Beneath this line is the data. Output exactly the lines from the line with "Young Asian man" to the line with "Pour porte intérieure", both ends included, and nothing more.

--- Record extracts ---
..............................
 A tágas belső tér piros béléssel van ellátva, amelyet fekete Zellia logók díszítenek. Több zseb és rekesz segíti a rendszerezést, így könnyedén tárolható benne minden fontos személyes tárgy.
..............................
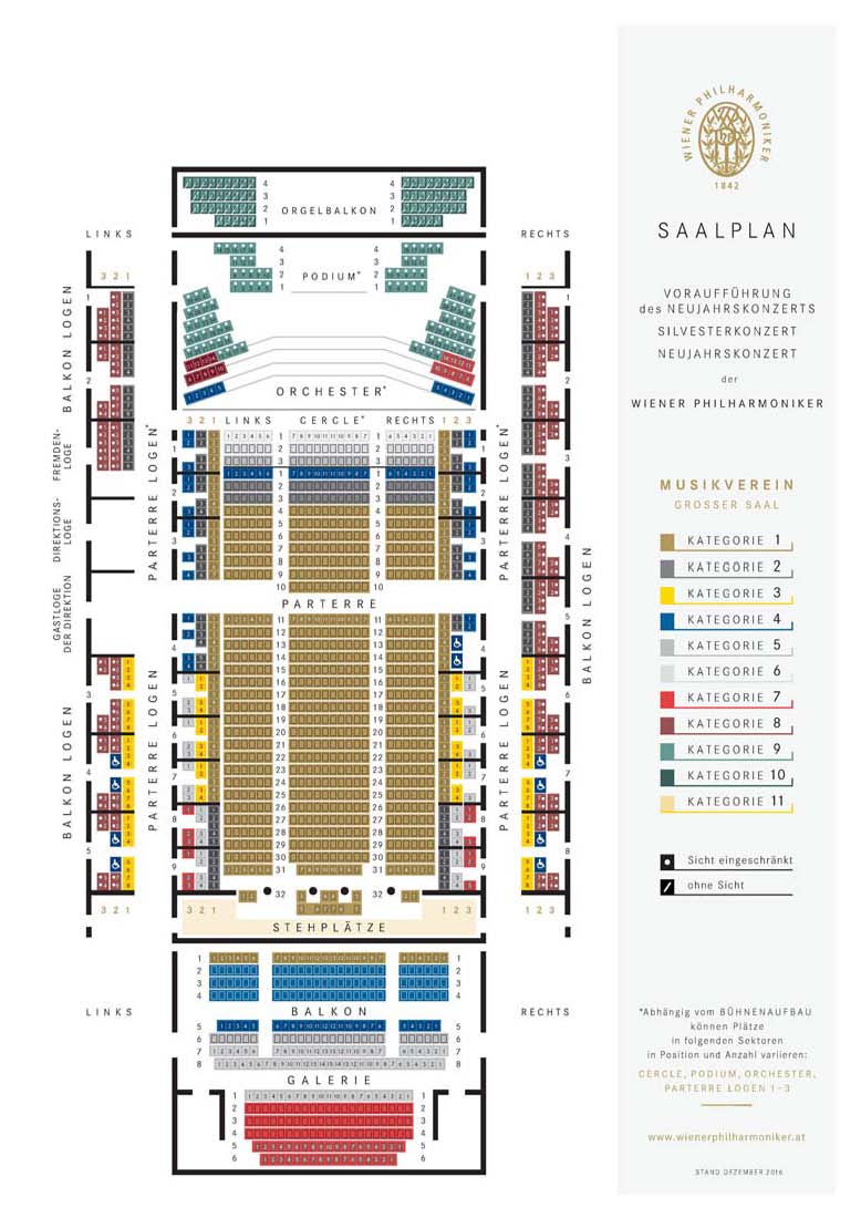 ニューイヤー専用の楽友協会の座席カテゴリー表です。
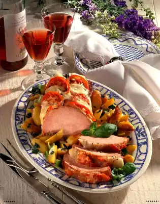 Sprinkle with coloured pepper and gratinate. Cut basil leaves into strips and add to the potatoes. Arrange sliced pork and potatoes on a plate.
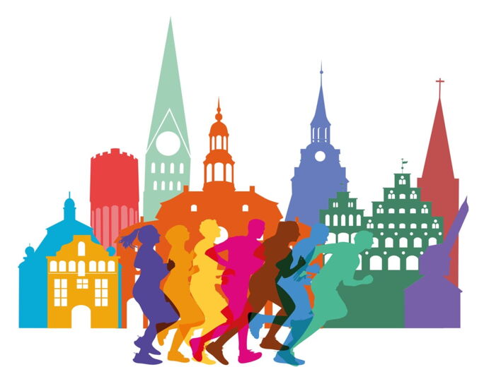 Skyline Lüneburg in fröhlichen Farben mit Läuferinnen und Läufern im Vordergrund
..............................
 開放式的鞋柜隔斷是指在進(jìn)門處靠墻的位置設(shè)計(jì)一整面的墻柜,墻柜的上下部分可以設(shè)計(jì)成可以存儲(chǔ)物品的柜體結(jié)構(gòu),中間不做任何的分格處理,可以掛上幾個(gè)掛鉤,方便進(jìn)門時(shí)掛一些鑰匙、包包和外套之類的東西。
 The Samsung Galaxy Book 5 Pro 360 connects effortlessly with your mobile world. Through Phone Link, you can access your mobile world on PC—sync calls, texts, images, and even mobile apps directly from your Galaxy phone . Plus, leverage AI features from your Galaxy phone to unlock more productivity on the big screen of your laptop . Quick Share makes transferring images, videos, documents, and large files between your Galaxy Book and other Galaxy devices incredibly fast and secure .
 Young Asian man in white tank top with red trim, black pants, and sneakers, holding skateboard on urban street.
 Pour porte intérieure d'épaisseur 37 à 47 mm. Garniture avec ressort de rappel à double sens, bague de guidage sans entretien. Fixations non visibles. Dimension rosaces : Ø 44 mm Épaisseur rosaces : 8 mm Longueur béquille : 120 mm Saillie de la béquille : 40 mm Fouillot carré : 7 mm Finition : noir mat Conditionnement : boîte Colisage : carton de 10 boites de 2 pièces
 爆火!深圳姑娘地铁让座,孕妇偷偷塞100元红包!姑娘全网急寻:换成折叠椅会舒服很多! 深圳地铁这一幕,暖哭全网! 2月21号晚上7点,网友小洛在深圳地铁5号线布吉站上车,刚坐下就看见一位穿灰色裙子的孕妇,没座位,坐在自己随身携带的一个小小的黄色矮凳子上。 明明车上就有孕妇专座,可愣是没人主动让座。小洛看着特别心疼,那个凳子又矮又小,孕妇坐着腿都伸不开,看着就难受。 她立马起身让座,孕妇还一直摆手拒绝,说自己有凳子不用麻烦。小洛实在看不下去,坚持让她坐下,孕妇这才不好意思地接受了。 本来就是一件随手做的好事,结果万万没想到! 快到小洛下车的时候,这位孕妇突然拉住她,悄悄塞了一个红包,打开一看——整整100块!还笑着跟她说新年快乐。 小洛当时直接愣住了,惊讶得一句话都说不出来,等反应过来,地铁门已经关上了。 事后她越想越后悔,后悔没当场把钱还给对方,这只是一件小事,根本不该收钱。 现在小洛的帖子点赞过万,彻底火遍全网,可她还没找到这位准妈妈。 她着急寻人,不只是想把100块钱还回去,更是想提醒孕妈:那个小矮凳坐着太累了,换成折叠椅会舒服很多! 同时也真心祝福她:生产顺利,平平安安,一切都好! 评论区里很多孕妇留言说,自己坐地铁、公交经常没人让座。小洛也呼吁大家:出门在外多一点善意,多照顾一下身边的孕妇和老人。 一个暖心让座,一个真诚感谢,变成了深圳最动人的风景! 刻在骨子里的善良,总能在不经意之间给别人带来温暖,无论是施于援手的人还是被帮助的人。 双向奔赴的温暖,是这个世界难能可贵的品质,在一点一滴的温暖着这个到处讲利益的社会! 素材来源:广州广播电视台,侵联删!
..............................
--- Problem solution ---
 Young Asian man in white tank top with red trim, black pants, and sneakers, holding skateboard on urban street.
 Pour porte intérieure d'épaisseur 37 à 47 mm. Garniture avec ressort de rappel à double sens, bague de guidage sans entretien. Fixations non visibles. Dimension rosaces : Ø 44 mm Épaisseur rosaces : 8 mm Longueur béquille : 120 mm Saillie de la béquille : 40 mm Fouillot carré : 7 mm Finition : noir mat Conditionnement : boîte Colisage : carton de 10 boites de 2 pièces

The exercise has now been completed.